* **EXERCISE BRIEF**: Give back exactly the lines of the material below, starting with the line with "(الصورة حقيقية بدون" and going on through the line with "これは23区内で最も高い伸び".

* **STORED DATA**:
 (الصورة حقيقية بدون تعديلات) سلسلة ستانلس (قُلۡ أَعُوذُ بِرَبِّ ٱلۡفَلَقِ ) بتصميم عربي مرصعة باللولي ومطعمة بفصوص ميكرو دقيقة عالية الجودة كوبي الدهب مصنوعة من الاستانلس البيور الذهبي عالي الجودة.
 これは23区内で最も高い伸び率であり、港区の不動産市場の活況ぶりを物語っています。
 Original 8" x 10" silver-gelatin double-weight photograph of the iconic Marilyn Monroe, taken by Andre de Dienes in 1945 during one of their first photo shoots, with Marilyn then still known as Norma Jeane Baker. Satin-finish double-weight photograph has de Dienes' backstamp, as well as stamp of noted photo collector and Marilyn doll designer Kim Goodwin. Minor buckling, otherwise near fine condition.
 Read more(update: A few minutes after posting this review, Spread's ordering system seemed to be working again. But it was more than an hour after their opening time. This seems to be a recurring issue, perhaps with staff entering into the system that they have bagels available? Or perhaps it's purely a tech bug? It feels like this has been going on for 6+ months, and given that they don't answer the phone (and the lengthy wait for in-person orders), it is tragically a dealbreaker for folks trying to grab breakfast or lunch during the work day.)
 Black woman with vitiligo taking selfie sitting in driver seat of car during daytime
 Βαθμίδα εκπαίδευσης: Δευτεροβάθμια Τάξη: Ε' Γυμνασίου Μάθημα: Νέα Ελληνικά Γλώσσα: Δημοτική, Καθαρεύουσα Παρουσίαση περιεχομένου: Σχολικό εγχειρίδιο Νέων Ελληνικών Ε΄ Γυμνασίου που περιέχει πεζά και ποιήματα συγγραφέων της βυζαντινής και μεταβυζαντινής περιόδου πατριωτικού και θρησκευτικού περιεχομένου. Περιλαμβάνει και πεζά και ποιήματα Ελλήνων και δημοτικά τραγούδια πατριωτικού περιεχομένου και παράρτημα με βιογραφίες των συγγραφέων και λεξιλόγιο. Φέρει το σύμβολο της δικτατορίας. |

==

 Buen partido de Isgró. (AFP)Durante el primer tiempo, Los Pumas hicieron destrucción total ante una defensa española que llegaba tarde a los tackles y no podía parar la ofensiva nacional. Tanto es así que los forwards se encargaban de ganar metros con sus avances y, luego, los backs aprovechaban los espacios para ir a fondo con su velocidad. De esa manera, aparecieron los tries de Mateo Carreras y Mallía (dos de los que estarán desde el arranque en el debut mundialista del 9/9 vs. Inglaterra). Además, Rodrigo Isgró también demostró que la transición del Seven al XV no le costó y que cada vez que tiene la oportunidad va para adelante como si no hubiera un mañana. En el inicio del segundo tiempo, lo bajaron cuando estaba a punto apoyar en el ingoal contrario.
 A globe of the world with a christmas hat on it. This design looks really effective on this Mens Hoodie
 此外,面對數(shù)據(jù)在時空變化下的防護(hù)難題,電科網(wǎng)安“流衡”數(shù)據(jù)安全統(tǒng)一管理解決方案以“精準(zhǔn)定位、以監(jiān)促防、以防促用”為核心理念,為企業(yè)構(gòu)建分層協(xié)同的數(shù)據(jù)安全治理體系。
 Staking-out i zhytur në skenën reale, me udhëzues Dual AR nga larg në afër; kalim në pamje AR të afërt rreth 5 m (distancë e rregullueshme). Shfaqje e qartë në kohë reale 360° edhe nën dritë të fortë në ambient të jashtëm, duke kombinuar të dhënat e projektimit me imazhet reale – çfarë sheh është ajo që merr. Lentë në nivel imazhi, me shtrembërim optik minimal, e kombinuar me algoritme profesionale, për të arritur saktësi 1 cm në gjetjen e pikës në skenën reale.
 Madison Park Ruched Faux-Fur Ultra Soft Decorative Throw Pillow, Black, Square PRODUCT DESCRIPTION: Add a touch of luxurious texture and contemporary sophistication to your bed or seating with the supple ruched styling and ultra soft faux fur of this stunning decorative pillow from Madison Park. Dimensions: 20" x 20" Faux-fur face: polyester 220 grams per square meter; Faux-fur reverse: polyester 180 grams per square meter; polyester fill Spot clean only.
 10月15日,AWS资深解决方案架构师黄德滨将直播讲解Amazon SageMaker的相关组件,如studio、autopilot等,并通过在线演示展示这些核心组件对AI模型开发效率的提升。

* * *

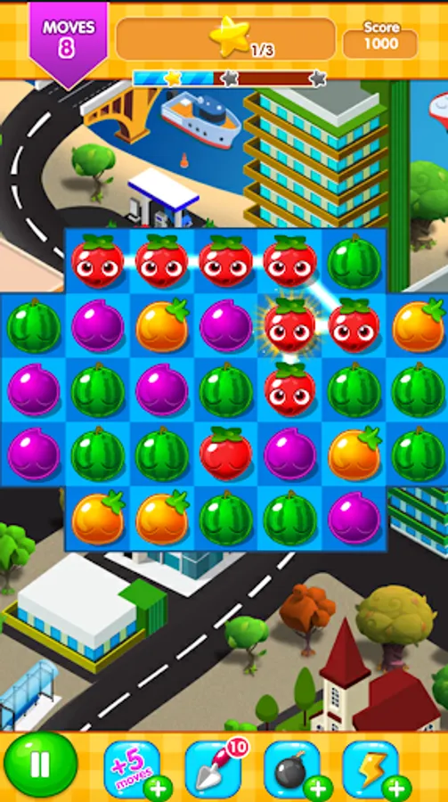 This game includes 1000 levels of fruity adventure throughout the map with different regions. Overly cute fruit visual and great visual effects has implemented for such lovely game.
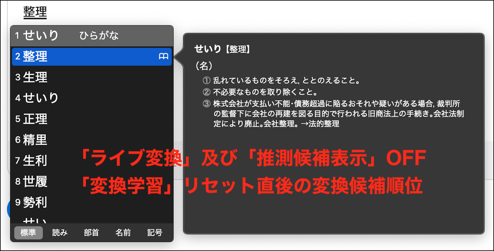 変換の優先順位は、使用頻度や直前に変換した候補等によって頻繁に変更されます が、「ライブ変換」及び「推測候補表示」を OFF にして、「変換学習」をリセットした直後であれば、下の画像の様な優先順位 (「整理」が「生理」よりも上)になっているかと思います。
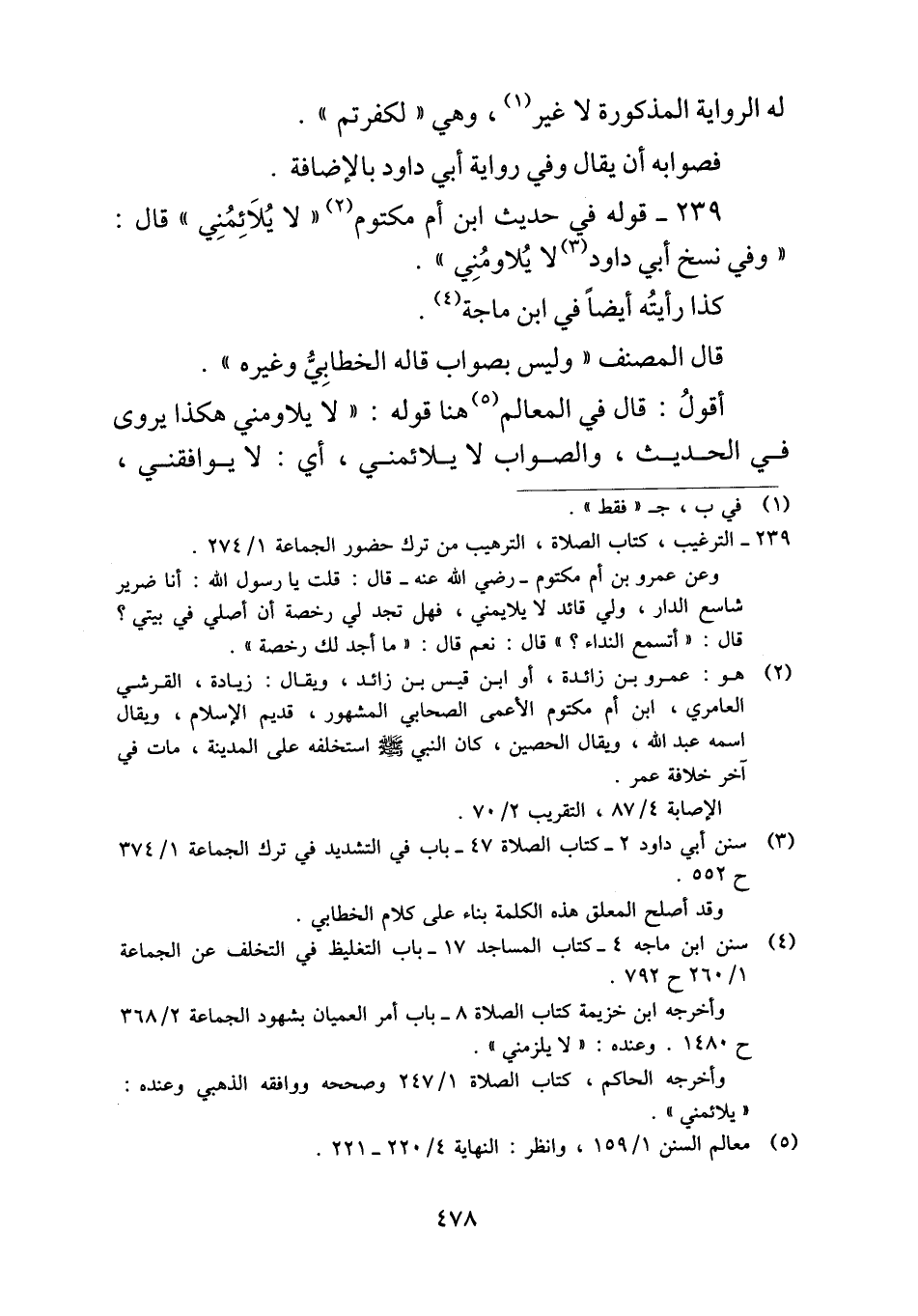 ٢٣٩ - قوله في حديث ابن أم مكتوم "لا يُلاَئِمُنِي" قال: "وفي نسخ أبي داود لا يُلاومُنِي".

* **EXERCISE SOLUTION**:
 (الصورة حقيقية بدون تعديلات) سلسلة ستانلس (قُلۡ أَعُوذُ بِرَبِّ ٱلۡفَلَقِ ) بتصميم عربي مرصعة باللولي ومطعمة بفصوص ميكرو دقيقة عالية الجودة كوبي الدهب مصنوعة من الاستانلس البيور الذهبي عالي الجودة.
 これは23区内で最も高い伸び率であり、港区の不動産市場の活況ぶりを物語っています。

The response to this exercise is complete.